Старик усмехнулся, наклонясь, провел рукою по воздуху и ласково сказал:

– А – вот он…

Спустя три года, я узнал, что в 1905 г. Макова ограбили и убили где-то около Балахны.

АВТОБИОГРАФИЧЕСКИЕ РАССКАЗЫ

Очень памятны мне вечера в маленькой, чистой комнатке с бревенчатыми стенами. Окна плотно закрыты ставнями; на столе, в углу, горит лампа, перед нею крутолобый, гладко остриженный человек с большой бородою, он говорит спокойно:

 

– Суть жизни в том, чтобы человек все дальше отходил от скота…

Трое мужиков слушают внимательно, у всех – хорошие глаза, умные лица. Изот сидит всегда неподвижно, как бы прислушиваясь к чему-то отдаленному, что слышит только он один; Кукушкин вертится, точно его комары кусают, а Панков, пощипывая светлые усики, соображает тихо:

– Значит, все-таки была нужда народу разбиться на сословия.

Мне очень нравится, что Панков никогда не говорит грубо с Кукушкиным, батраком своим, и внимательно слушает забавные выдумки мечтателя.

Кончится беседа, – я иду к себе, на чердак и сижу там, у открытого окна, глядя на уснувшее село и в поля, где непоколебимо властвует молчание. Ночная мгла пронизана блеском звезд, тем более близких земле, чем дальше они от меня. Безмолвие внушительно сжимает сердце, а мысль растекается в безграничии пространства, и я вижу тысячи деревень, так же молча прижавшихся к плоской земле, как притиснуто к ней наше село. Неподвижность, тишина…

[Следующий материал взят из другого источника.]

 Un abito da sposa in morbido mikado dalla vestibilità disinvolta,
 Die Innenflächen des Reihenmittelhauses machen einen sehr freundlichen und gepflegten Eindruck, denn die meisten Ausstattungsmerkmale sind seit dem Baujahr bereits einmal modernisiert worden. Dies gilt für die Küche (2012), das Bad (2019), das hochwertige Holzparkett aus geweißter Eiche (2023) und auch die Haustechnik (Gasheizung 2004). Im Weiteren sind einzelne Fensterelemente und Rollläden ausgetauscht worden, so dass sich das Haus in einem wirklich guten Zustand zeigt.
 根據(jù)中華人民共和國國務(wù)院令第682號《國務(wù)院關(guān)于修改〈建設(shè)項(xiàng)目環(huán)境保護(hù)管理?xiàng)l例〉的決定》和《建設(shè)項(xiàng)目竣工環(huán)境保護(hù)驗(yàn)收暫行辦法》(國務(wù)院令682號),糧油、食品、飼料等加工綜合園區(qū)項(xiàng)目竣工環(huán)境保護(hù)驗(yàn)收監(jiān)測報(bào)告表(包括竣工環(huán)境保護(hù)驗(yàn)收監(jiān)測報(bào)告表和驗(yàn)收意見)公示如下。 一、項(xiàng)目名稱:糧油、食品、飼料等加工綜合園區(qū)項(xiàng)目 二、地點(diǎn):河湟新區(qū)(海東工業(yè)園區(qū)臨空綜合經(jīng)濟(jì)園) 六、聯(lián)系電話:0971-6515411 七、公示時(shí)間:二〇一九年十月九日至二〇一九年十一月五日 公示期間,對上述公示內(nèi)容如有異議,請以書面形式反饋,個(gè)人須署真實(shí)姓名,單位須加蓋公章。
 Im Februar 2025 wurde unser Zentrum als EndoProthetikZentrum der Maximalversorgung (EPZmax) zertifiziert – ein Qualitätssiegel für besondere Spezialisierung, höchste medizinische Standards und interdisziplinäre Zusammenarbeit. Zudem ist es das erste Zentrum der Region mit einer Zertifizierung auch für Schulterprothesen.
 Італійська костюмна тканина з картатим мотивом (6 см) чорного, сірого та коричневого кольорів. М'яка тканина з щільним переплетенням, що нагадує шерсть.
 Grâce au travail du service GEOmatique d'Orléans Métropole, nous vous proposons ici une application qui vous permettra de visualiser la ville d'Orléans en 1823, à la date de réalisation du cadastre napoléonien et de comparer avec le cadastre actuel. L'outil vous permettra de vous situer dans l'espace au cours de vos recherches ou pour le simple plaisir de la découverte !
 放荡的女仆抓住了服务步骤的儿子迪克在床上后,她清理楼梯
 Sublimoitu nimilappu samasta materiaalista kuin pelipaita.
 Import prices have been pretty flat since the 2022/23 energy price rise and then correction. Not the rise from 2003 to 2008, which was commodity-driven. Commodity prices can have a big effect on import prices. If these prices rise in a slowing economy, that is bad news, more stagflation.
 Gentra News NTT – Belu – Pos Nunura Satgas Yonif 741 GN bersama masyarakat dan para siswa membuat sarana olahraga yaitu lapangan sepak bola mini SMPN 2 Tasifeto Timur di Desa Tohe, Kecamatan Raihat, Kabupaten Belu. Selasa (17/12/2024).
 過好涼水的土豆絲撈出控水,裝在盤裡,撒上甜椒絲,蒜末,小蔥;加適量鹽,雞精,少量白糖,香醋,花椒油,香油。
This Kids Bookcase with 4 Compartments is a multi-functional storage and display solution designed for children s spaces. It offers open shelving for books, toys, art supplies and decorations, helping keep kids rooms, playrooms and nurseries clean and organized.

Мглистая пустота, тепло обняв меня, присасывается тысячами невидимых пиявок к душе моей, и, постепенно, я чувствую сонную слабость, смутная тревога волнует меня. Мал и ничтожен я на земле…

Жизнь села встает предо мною безрадостно. Я многократно слышал и читал, что в деревне люди живут более здорово и сердечно, чем в городе. Но – я вижу мужиков в непрерывном, каторжном труде, среди них много нездоровых, надорвавшихся в работе и почти совсем нет веселых людей. Мастеровые и рабочие города, работая не меньше, живут веселее и не так нудно, надоедливо жалуются на жизнь, как эти угрюмые люди. Жизнь крестьянина не кажется мне простой, – она требует напряженного внимания к земле и много чуткой хитрости в отношении к людям. И не сердечна эта, бедная разумом жизнь, – заметно, что все люди села живут ощупью, как слепые, все чего-то боятся, не верят друг другу, – что-то волчье есть в них.

Мне трудно понять, за что они так упрямо не любят Хохла, Панкова и всех «наших», – людей, которые хотят жить разумно.

Я отчетливо вижу преимущества города: его жажду счастья, дерзкую пытливость разума, разнообразие его целей и задач. И всегда в такие ночи мне вспоминается двое горожан:

«Ф. Калугин и З. Небей.

«Часовых дел мастера, а также принимают в починку разные аппараты, хирургические инструменты, швейные машины, музыкальные ящики всех систем и прочее».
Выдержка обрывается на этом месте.